吾妻山南斜面を刻む中津川沿い、山の奥深くに幅広の道が続く。古い登山地図には書かれているが、最近の登山地図ではどうだろうか。中津川沿いに登山道があり途中から険しい沢登りだが、かつては主稜線まで踏み跡がかなりあったようだ。今では一部を除きほとんどわからなくなっているが、麓に登山コースであるかのような古い看板が立っている。途中には石垣があったり、岩をくり抜いた狭いトンネルや対岸に渡る橋もある。「そうだ、この道は途中までトロッコ軌道だったなのだ。だから道幅が十分広かったのか」と気がついた。「もしかして鉱山道か」と想像したが、わずか10年間だけ使用された材木運搬用の森林鉄道だと下山後に教えられた。
図5、褐鉄鉱を掘っていた露天掘り鉱山の穴。吾妻山北麓。
●火山のつくる滝
吾妻山の溶岩がつくる滝はたくさんある。吾妻火山は厚い安山岩溶岩を流出するような噴火が多かったため、溶岩が造瀑層となり、垂直あるいはオーバーハングした滝が多い。そのため、沢登りでも直登することはかなり難しい。だが、溶岩の様子(産状)を観察するには好適な場所だ。柱を束ねたような柱状節理や、板を重ねたような板状節理が見事に発達する滝にも出会えるだろう。滝の一例を挙げよう。

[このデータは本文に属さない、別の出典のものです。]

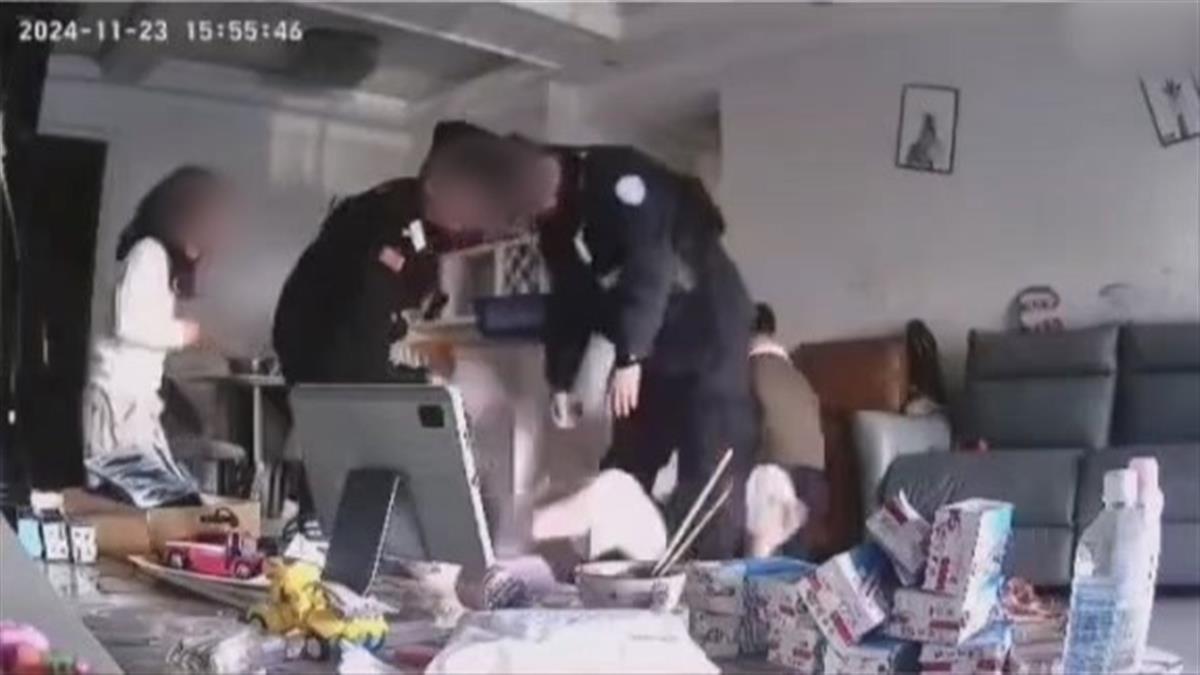 有人员赶来制止家暴的男子(网络视频截图)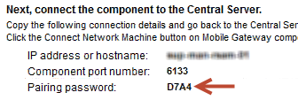 You will configure the first server to use the pairing password to authenticate the connection between the Central Server and the Mobile Gateway.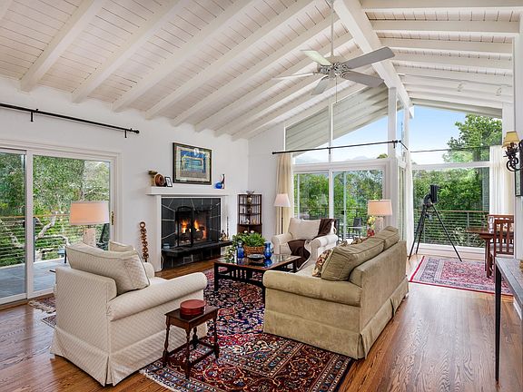 This stunning Upper Riviera home is truly exceptional. The single-story home is perfectly suited for casual and elegant living with a maximum of indoor and outdoor options. The mountain views are spectacular. Perfect for entertaining with the Santa Barbara lifestyle. Dramatic glass sliding doors from the bright living room look out to a fantastically large 1400 foot view deck that is your 2nd outdoor living room. State of the art outdoor entertainment space features seating, bar, barbecue, and outdoor kitchen. The interior gourmet kitchen with cathedral ceilings and designer appliances opens into the family room with eating area. Master bedroom and bath suite includes 2 large closets and spectacular mountain views. Second and third bedrooms share a large bathroom. Off of the living room is an office with built-ins and more views. This light-filled home enjoys a beautifully landscaped acre, including old coastal oaks and redwoods, and provides privacy in a gracious setting. Temperature controlled wine room and extensive storage are in addition to the 2-car garage with extra off-street parking. This home is in pristine condition. Small pets will be considered. Open House Thursday, May 12, 12:45-2PM. Please call or email before coming. Owner pays for Gardener and an allowance for Irrigation water. A shorter lease duration can be negotiated at a different monthly rental rate.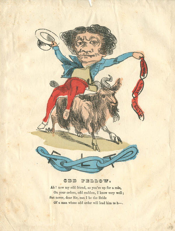 A man rides a ram and holds a banner that reads "Friendship, Love, Truth," the motto of the Odd-Fellows society. The initials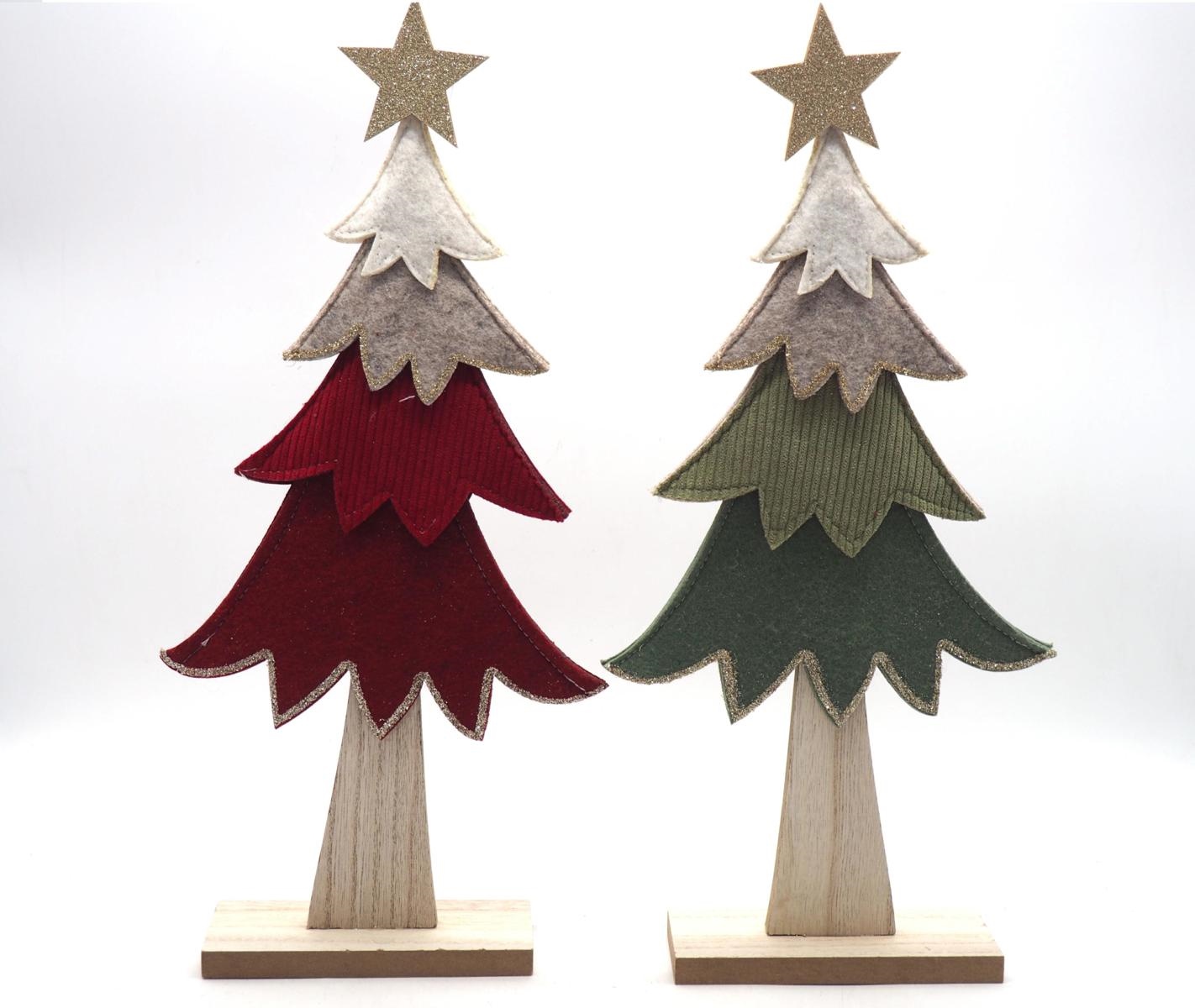 Albero Natale Panno Rosso/Verde H.31X15X4Cm Con Base Legno 2Ass

米沢市から大平経由で藤十郎方面へ登り、途中から急傾斜の谷斜面を下ると一軒宿の大平温泉に着く。登山道を外れ、上流へ少し谷をたどるとめざす火焔(ひのほえ)滝(図6)に出会う。滝そのものの落差は25mとされるが、右岸での溶岩の厚さは60mに達し、柱状節理が見事に形成されている。滝の脇では、ほぼ垂直に伸びる柱状節理が階段状に切れており、めずらしく比較的直登しやすい滝だ。といっても見た目ほどではなく、初心者が登れる滝ではない。沢登りの熟達者のみだ。さらに上流には、同じ安山岩溶岩でできた剣隠滝がある。そしてこれを越せばたどり着ける、溶結凝灰岩が造瀑層となった滝に出会えるのだ。安山岩溶岩ではないのは吾妻連峰では珍しい。
図6、柱状節理のある火焔(ひのほえ)滝。